在最近几年CTC和注意力机制联合训练得到的性能效果得到极大的提升,在训练过程中主要的操作就是将encoder的输出分别作为decoder的输入和CTC的输入,
通过两种不同的解码方式得到两个不同的损失函数,然后根据不同的权重大小将两个损失相加得到模型整体的损失函数,从而进行反向传播梯度更新参数。比如:
Loss = 0.3*lossctc + 0.6*lossattn
另外在这种联合训练的思想进一步发展,decoder在解码时标签输入可能语言模型这种强化作用,但是在打分过程中不存在这样的输入,所以WeNet中引用的这种重打分机制感觉就特别牛,
他的操作过程是encoder端的输出经过CTC prefix beam search,得到n个最好的结果,然后将这n个最好的结果作为decoder的标签输入,这样就完美解决了在打分阶段decoder端没有先验知识的问题。
当然在这里需要CTC得到的结果越好对最终的打分结果更好,这个_ctc_prefix_beam_search也是非常有意思的,他的搜索方法很有意思。
代码如下:
def _ctc_prefix_beam_search(
self,
speech: torch.Tensor,
speech_lengths: torch.Tensor,
beam_size: int,
decoding_chunk_size: int = -1,
num_decoding_left_chunks: int = -1,
simulate_streaming: bool = False,
) -> Tuple[List[List[int]], torch.Tensor]:
""" CTC prefix beam search inner implementation
Args:
speech (torch.Tensor): (batch, max_len, feat_dim)
speech_length (torch.Tensor): (batch, )
beam_size (int): beam size for beam search
decoding_chunk_size (int): decoding chunk for dynamic chunk
trained model.
<0: for decoding, use full chunk.
>0: for decoding, use fixed chunk size as set.
0: used for training, it's prohibited here
simulate_streaming (bool): whether do encoder forward in a
streaming fashion
Returns:
List[List[int]]: nbest results
torch.Tensor: encoder output, (1, max_len, encoder_dim),
it will be used for rescoring in attention rescoring mode
"""
assert speech.shape[0] == speech_lengths.shape[0]
assert decoding_chunk_size != 0
batch_size = speech.shape[0]
# For CTC prefix beam search, we only support batch_size=1
assert batch_size == 1
# Let's assume B = batch_size and N = beam_size
# 1. Encoder forward and get CTC score
encoder_out, encoder_mask = self._forward_encoder(
speech, speech_lengths, decoding_chunk_size,
num_decoding_left_chunks,
simulate_streaming) # (B, maxlen, encoder_dim)
maxlen = encoder_out.size(1)
ctc_probs = self.ctc.log_softmax(
encoder_out) # (1, maxlen, vocab_size)
ctc_probs = ctc_probs.squeeze(0)
# cur_hyps: (prefix, (blank_ending_score, none_blank_ending_score))

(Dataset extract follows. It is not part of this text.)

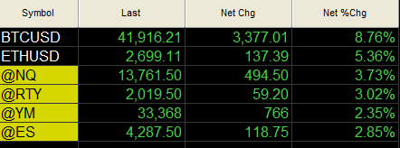BTC, ETH, NASDAQ, RUSSELL 2000, DOW, SP500 모두 대 상승~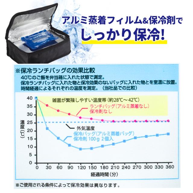 保冷効果◎バッグ本体は発泡ポリエチレンとアルミ蒸着フィルム素材が断熱・保冷効果を発揮。お弁当の温度上昇を防ぎます。

cur_hyps = [(tuple(), (0.0, -float('inf')))]
# 2. CTC beam search step by step
for t in range(0, maxlen):
logp = ctc_probs[t] # (vocab_size,)
# key: prefix, value (pb, pnb), default value(-inf, -inf)
next_hyps = defaultdict(lambda: (-float('inf'), -float('inf')))
# 2.1 First beam prune: select topk best
top_k_logp, top_k_index = logp.topk(beam_size) # (beam_size,)
for s in top_k_index:
s = s.item()
ps = logp[s].item()
for prefix, (pb, pnb) in cur_hyps:
last = prefix[-1] if len(prefix) > 0 else None
if s == 0: # blank
n_pb, n_pnb = next_hyps[prefix]
n_pb = log_add([n_pb, pb + ps, pnb + ps])
next_hyps[prefix] = (n_pb, n_pnb)
elif s == last:
# Update *ss -> *s;
n_pb, n_pnb = next_hyps[prefix]
n_pnb = log_add([n_pnb, pnb + ps])
next_hyps[prefix] = (n_pb, n_pnb)
# Update *s-s -> *ss, - is for blank
n_prefix = prefix + (s, )
n_pb, n_pnb = next_hyps[n_prefix]
n_pnb = log_add([n_pnb, pb + ps])
next_hyps[n_prefix] = (n_pb, n_pnb)
else:
n_prefix = prefix + (s, )
n_pb, n_pnb = next_hyps[n_prefix]
n_pnb = log_add([n_pnb, pb + ps, pnb + ps])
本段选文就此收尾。